İbret Verici Bir Hatıra
Zannediyorum 1969 yılı idi. Türkiye’de gelişen anarşi ve terör hadiseleri maalesef Erzurum Atatürk Üniversitesine de sıçramıştı. Marksist zihniyetli bir grup militan üniversite rektörlük makamına kadar yürümüş ve o zamanın rektörü rahmetli Kemal Bıyıkoğlu’nun makam koltuğunu yakmışlardı. Bu yersiz ve çirkin olay, vatanperver Erzurum halkını galeyana getirdi. Her kesimden insanların katıldığı kalabalık bir grup üniversiteye doğru haklı ve vakarlı bir yürüyüş yaptı. Teröristlerin yaktığı koltuğun yerine aldıkları yeni ve daha değerli bir koltuğu makam odasına koydular.
“Üniversiteyi biz kurduk, muhafaza etmesini de biliriz. Bu mübarek şehirde hiçbir zaman terör, fitne ve anarşiye katiyyen imkân ve fırsat tanımayız.”
mesajını verdiler.
Birkaç gün sonra görevli bir memur yanıma gelerek “Hocam, Emniyet müdürümüz sizinle görüşmek istiyor. Zahmet olmazsa müdüriyete gitmeniz lâzım.” deyince “Peki olur.” dedim ve gittik.

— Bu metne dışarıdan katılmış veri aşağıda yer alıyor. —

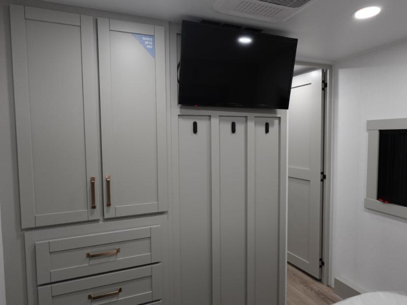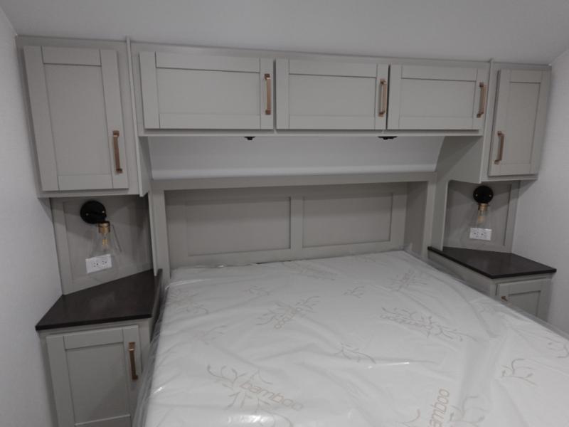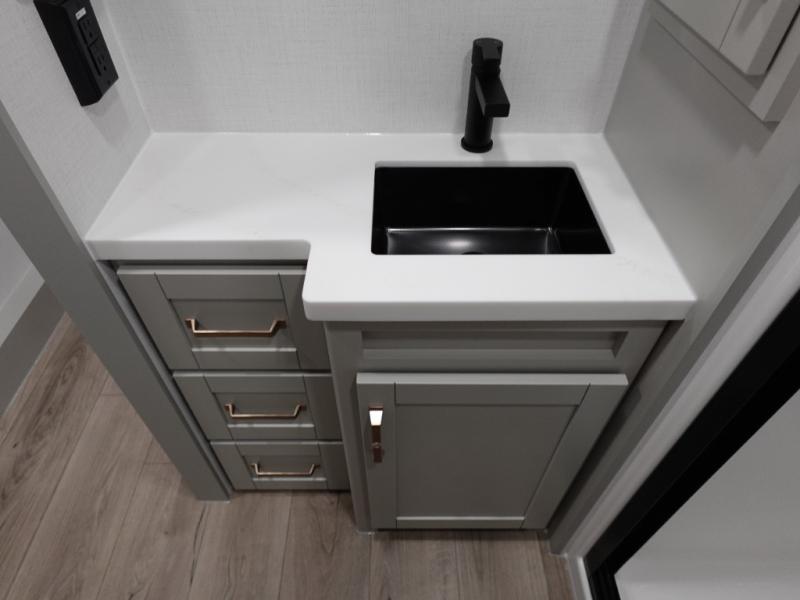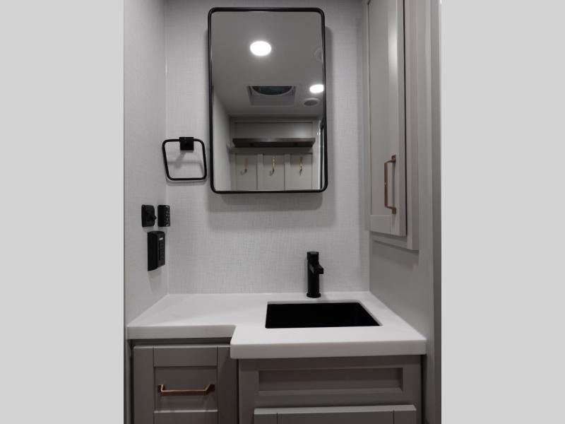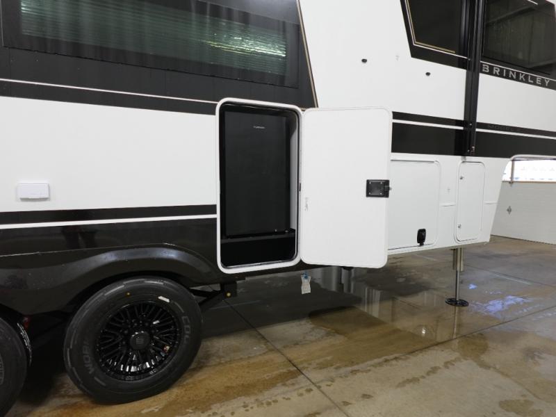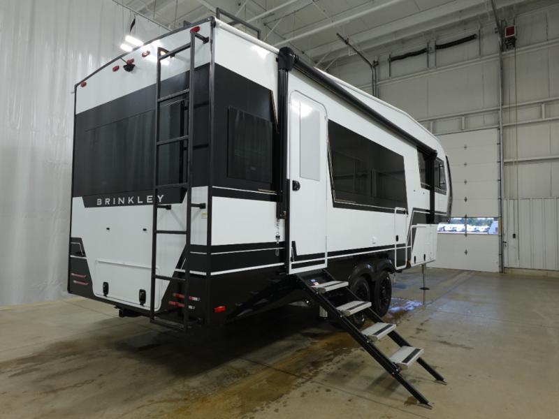 The Brinkley mid-profile Model Z fifth wheels bring you clean lines and an upscale look with plenty of style and exciting new features like the industry first brass plumbing connections. These units also feature an automotive grade front cap, plenty of exterior storage, dual exterior hot and cold showers, and wide stance leveling jacks for easy set up. Residential frameless windows provide a clean look and beautiful views, and ample electrical outlets and USB/USB-C outlets allow all of your electronics and appliances to easily be used and charged.
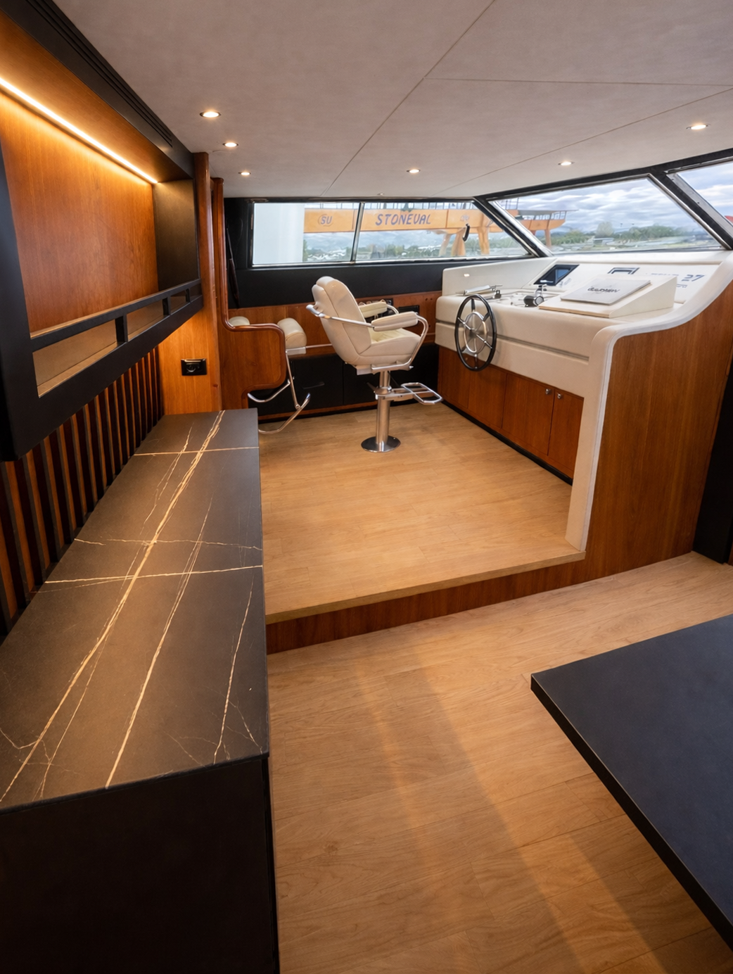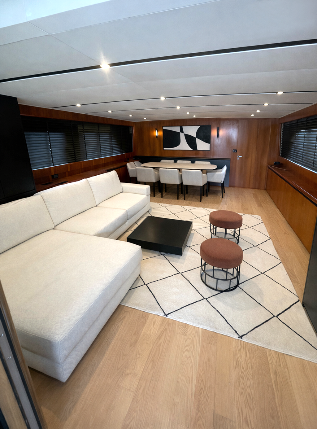Il legno, scelto per la sua naturale eleganza e per le elevate performance in ambiente marino, diventa il filo conduttore tra zona living, dining e plancia di comando. Le tonalità calde dialogano con rivestimenti in essenze pregiate, superfici laccate e dettagli in marmo e metallo, creando un’atmosfera sofisticata e accogliente.

Jandarma komutanı, emniyet müdürü ve diğer ilgililerin de hazır bulunduğu müdüriyete girdik. Emniyet müdürü bana dönerek,
“Hocam, bu komünist militanlar saf Müslümanları kandırıp sokağa dökmek istiyorlar. Tahriklere kapılan beş bin kişinin Rus baltalarıyla ve sopalarla birlikte sokağa çıkacakları istihbaratını aldık. Bu çok vahim bir hadisedir. Erzurum için telafisi mümkün olmayan felâketler doğurur. Bunun acısını hepimiz çekkeriz. Vakit geçmeden bir şeyler yapıp ciddi tedbirler almayı düşündük. Bu manada Erzurum’un değer verdiği ve sözü geçerli olan insanlarını devreye sokarak bu fitnenin önlenebileceğini düşündük. Onun için sizi buraya çağırdık.” dedi.
Ben de
“Bu hassasiyetiniz beni memnun etti, teşekkür ediyorum. Ancak belirttiğiniz gibi bu komünist militanlar sizleri de yanıltmış gibi geliyor bana. Çünkü değil beş bin baltalı on beş-yirmi baltalı insan bulun ve tespit edin, bu mesuliyeti üzerime almaya hazırım. Cihan Harbinden kalma beş-on Rus baltası ya bulunur ya bulunmaz. Erzurum halkı geçmişte olduğu gibi bundan sonra da fitneye, anarşiye her zaman karşı olacaktır. Devletine, milletine fevkalade bağlı ve itaatkârdır.” dedim.
Jandarma komutanı bana dönerek,
“Sizin bu samimi ve inandırıcı ifade ve izahlarınız beni fevkalade rahatlattı. İnşaallah böyle bir tehlikeyle karşı karşıya kalmayız.”
diyerek memnuniyetini ifade etti. Emniyet müdürü de aynı düşünceleri paylaştığını söyleyerek bizi uğurladılar.
Zaman bizi haklı çıkardı. Bekledikleri üzücü olaylar vuku bulmadı.
Aynı endişeyi Erzurum Valisi, Osman Demirci Hoca’ya da dile getirmiş. Hoca Efendi de bizimle aynı paralellikte konuşmalar yaparak Vali Beyi teselli etmiş.